It seems the author of that merge thought the same thing. So, the distinction is actually still used by compilers?


With both GCC and Visual C++, the “” form first searches local paths and then system paths, while the <> form only searches system paths. Guess some BSDs are stricter about local paths.


> But the fact that a merge can have arbitrary changes in it always bothers me!

After that xy thing where they were trying to install a back door having changes that are hidden like this is a big red flag.

In fact changing include <something.h> to include "something.h" with a hidden commit like this isn't a red flag it's a big rotating alarm with a siren. Someones trying set things up to include malicious code via a faked system lib.


Sadly, not all of us can live in the tech equivalent of Bond films. There is only so many xz backdoors to go around.


There could be thousands of similar manchurian developers right now and it wouldn't even be a significant effort.


Until they're activated how are you going to know?


All but the first commit has parents. All commits point to the state of the file tree at that point.

A "merge commit" is nothing more than a commit claiming any number of parents greater than one. It is still its own file tree reference that decides how the tree looks, and nothing dictates that it should be related to the parents.

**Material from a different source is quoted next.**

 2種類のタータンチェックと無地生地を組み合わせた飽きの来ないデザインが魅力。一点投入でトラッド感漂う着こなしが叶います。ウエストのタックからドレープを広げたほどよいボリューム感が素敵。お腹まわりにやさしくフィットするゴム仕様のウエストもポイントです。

If that were true, then git log -p would have worked. The reality is that merge commits are treated differently from other commits by many parts of git. Saying that they are "just a commit with multiple parents" gives people the wrong impression.

Git is more than the data structure backing it. And many parts of git make all sorts of assumptions that treat things that are more or less identical in the data model as actually being different. Tags are not the same thing as branches, for example, even though they are stored in virtually the same way.

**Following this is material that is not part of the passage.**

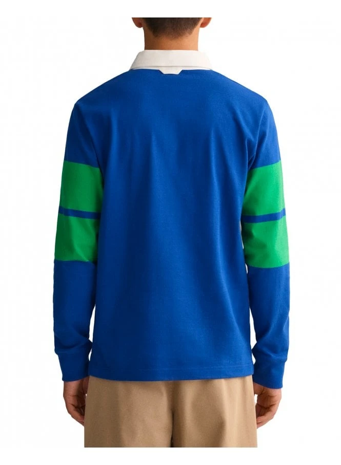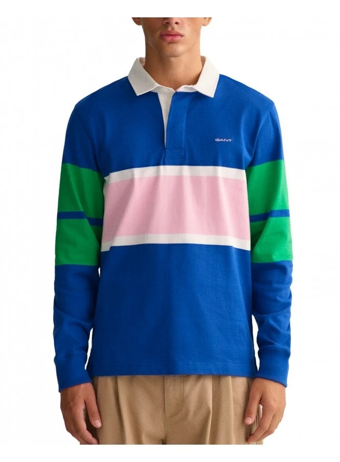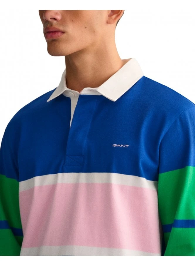 A colorful and contemporary twist on the traditional rugby shirt, this rugger is cut from 100% cotton with a twill collar and valueed placket. Sporting a regular fit, it is patterned with yarn-dyed stripes across the body and sleeves and features side hem slits and our signature locker loop at the back.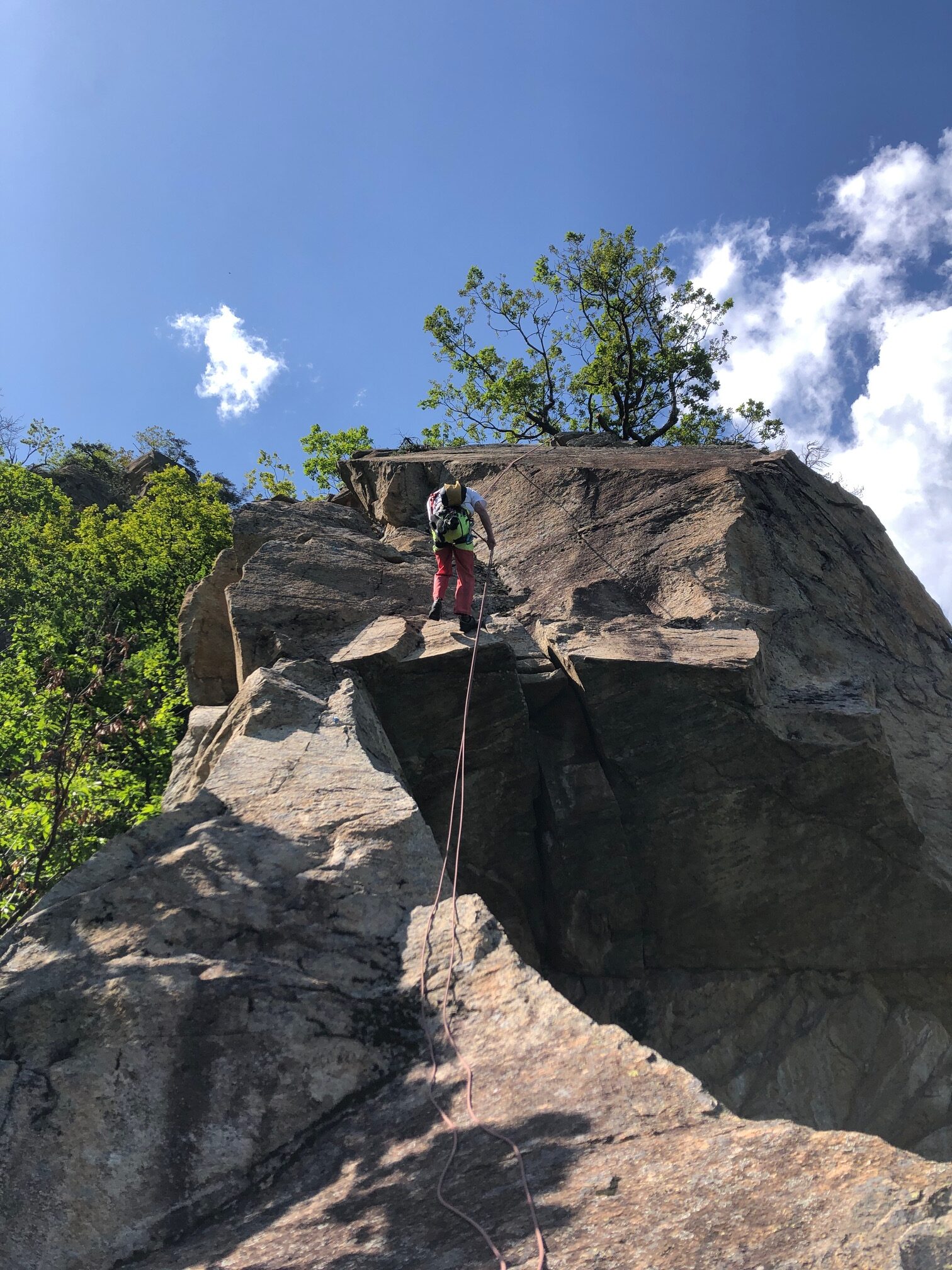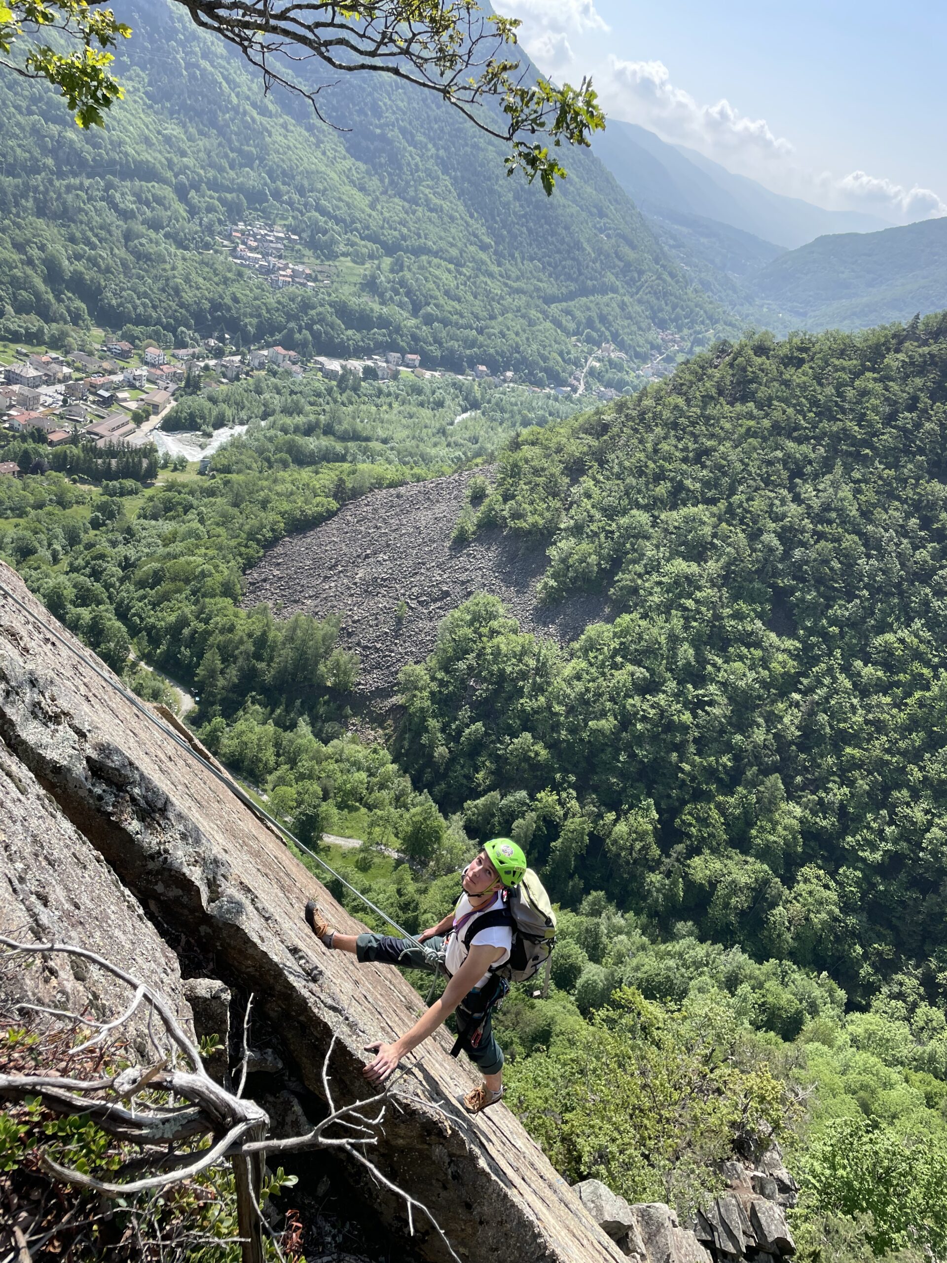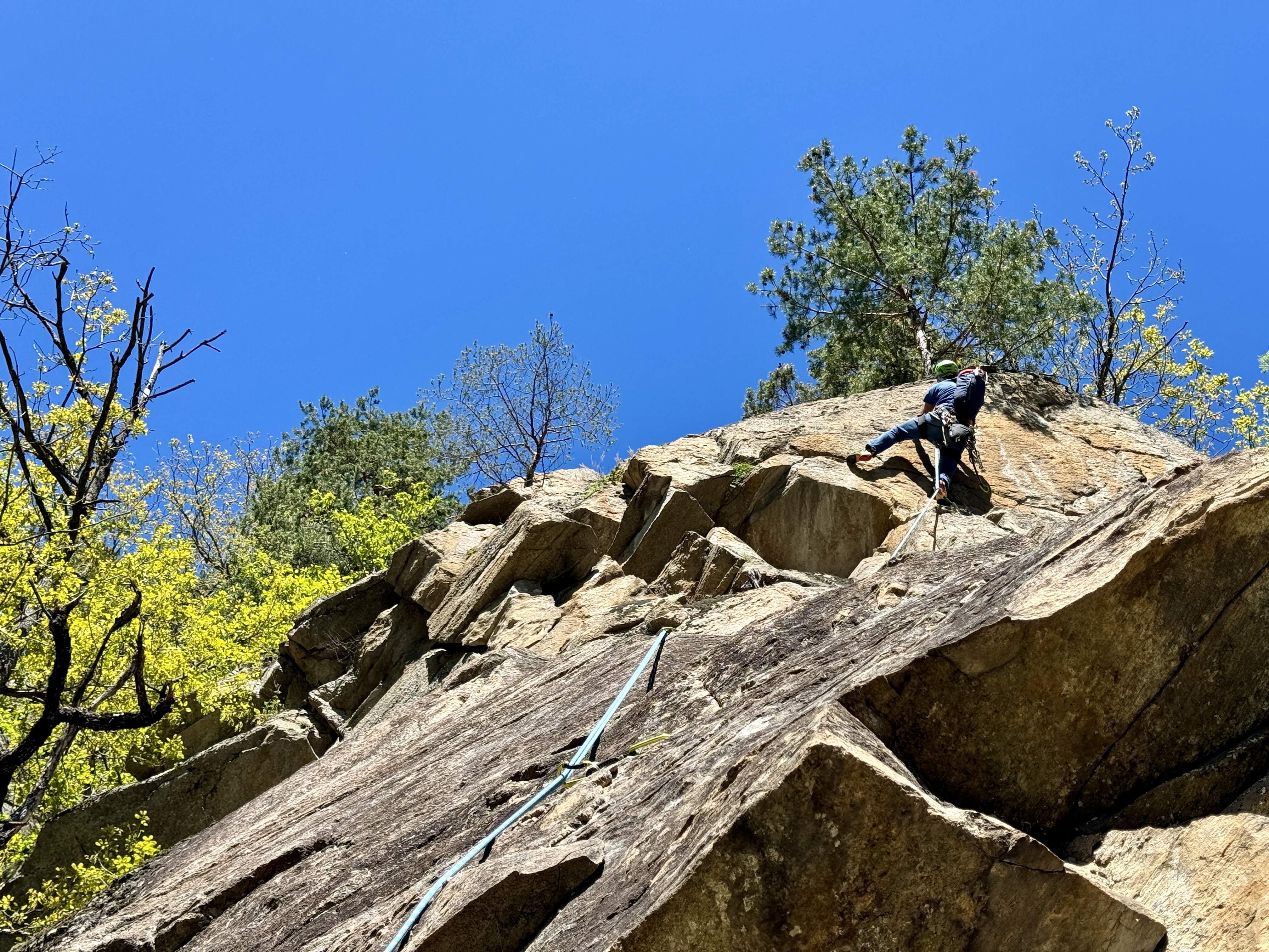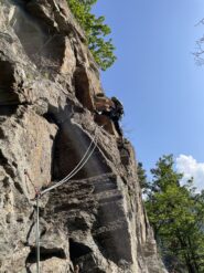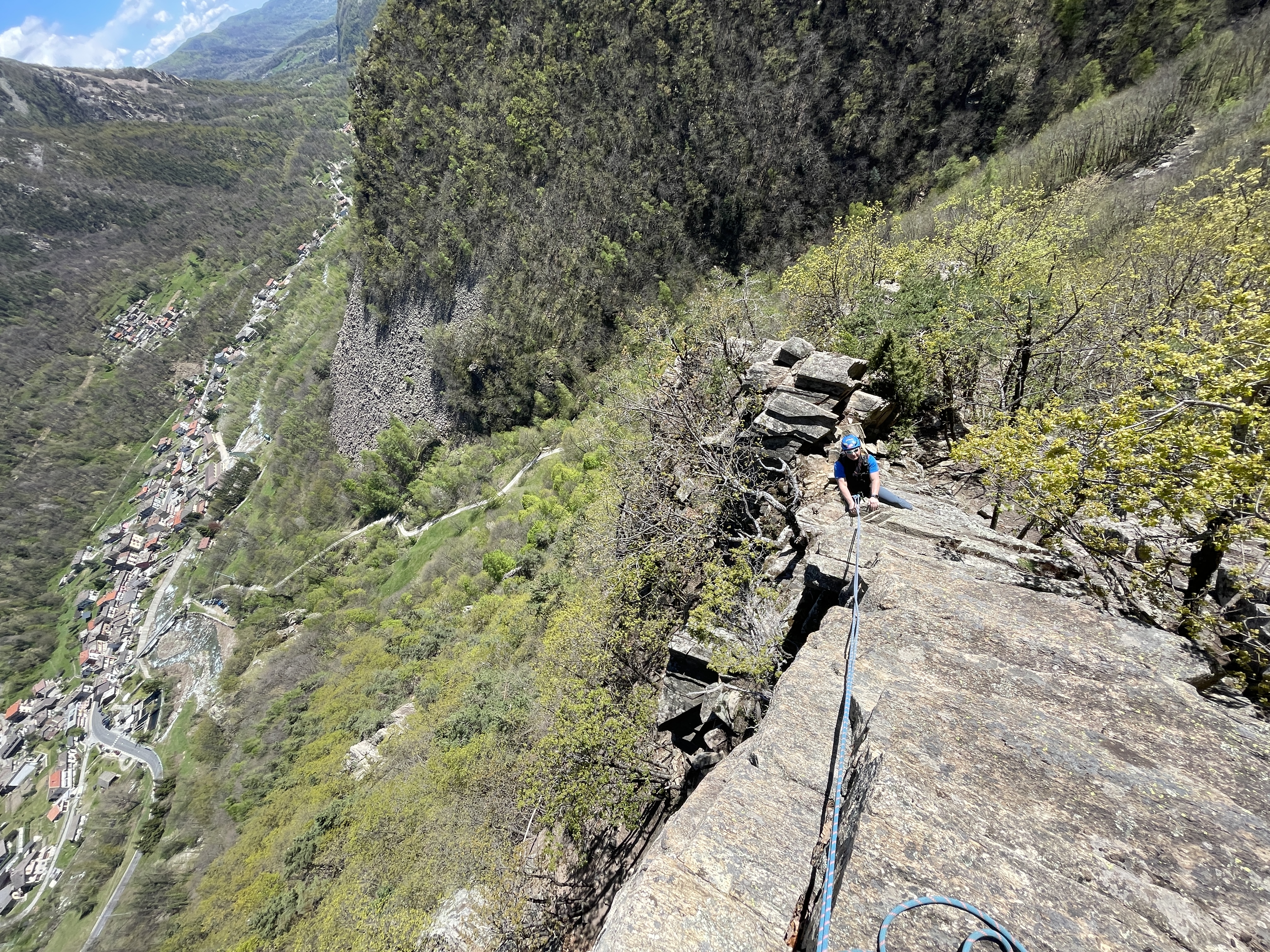 - L9: bello spigolino facile seguito da una placca apparentemente liscia ma ricca di fessure

Well, yes - git log does have special handling of commits with multiple parents because everything it shows is a special cased lie. Why? Because commits do not contain diffs or patches, but are instead full snapshots of the repository as a whole at a point in time.

git log -p is a convenience tool that tries to show code progression, and so it comes up with these simple diffs. Showing a graph of N-way conflict resolutions would not help the user trying to get an overview. Other tools exist to track the origin of a particular change, such as git blame.

It is important to understand what a git commit actually is exactly because of the caveats of such convenience interpretations. Otherwise you'd have no idea where a conflict resolution is stored, and you'll run into the surprises mentioned here.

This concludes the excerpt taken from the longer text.